No Single Talented Young Oromo Invited To The White House?

A Historic Example that Reveals Marginalization of the Oromo Youth in Ethiopia

By Siiban Abbichuu

“Across Africa, more citizens believe they now have the power and the duty to shape their own lives, to help their communities, to hold their governments accountable. So for all of the challenges, which we hear much about, I want to focus on these gains, because it is through this positive progress that we can motivate and incentivize even more to take place…” said Hillary Rodham Clinton, US Secretary of State, in her speech to more than 100 youth invited from the Sub-Saharan African countries to the White House, on August 3, 2010. Well said Madam Clinton! The invitation of 115 youth from about 46 African countries to discuss the challenges facing sub-Saharan Africa with seating US president in the White House is a good start.

The aim of this piece is not to describe or comment on the content of the speeches given both by the President or the Secretary of State. But just to shed a light on how the youth from Ethiopia are selected to attend this historic event. Out of the 46 Sub-Saharan African countries invited to send delegates, Ethiopia is ‘represented’ by four youth namely: 

  1. Mahlet Eyassu Melkie, 29, A Climate Change Activist
  2. Meron Getnet Hailegiorgis, 27, Author
  3. Salsawit Tsega Ketema, 30, Founder, Sel Art Gallery and
  4. Yohannes Mezgebe Abay, 35, Vice President, Pan African Youth Union.

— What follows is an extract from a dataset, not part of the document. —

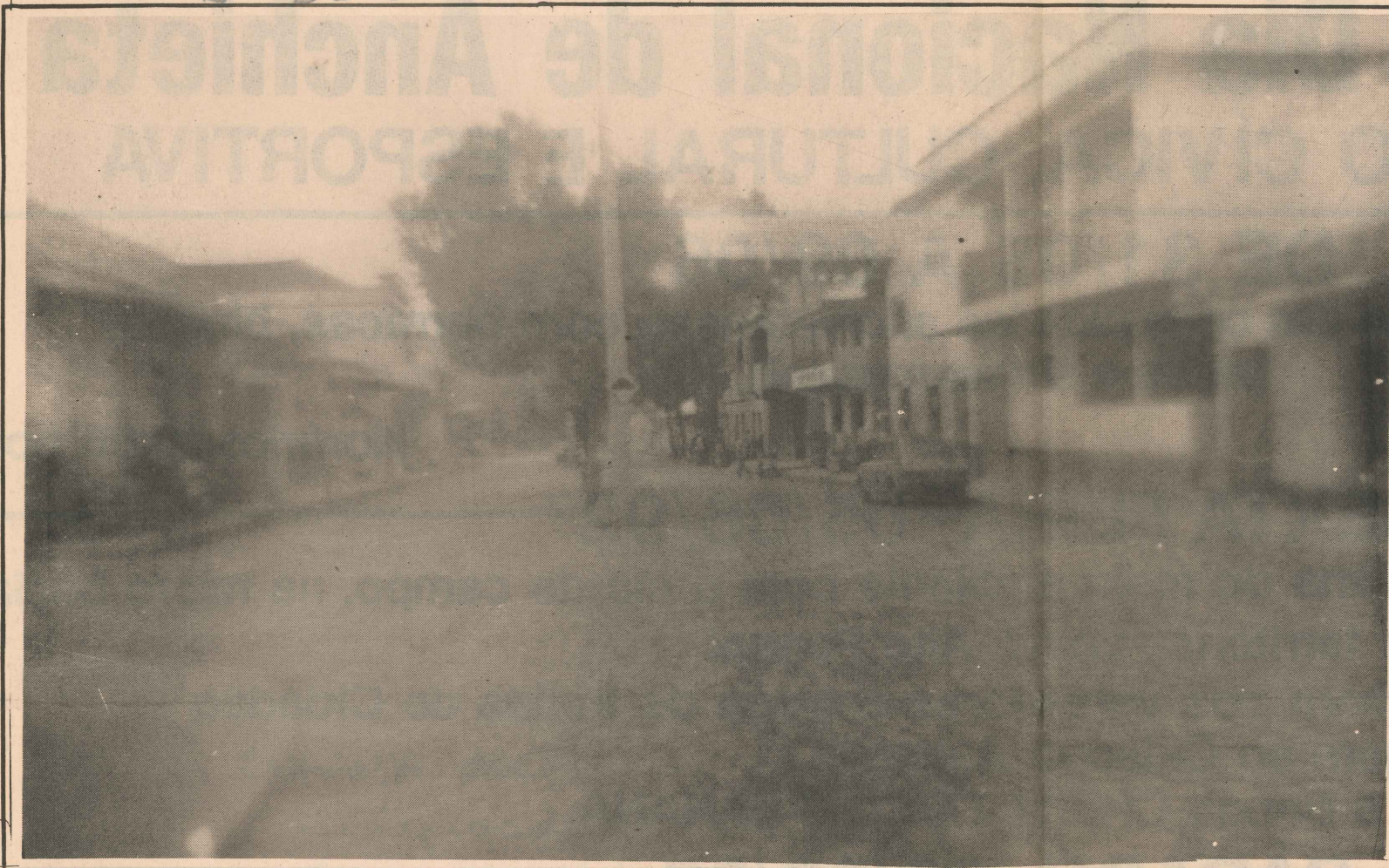
Parte dos equipamentos: já comprados, aguardando apenas o restante da verba

The number is not much bigger quota for the second populous country in the continent with more than 80 million people. The question here is how were those four youth selected out of millions of Ethiopian youth? What are the major criterions used to be selected to represent Ethiopian youth at the African youth forum in the White House? What capacities and achievements were required to be invited to such forum? Answers matching these questions can be found all over the speeches of both the President and the Secretary.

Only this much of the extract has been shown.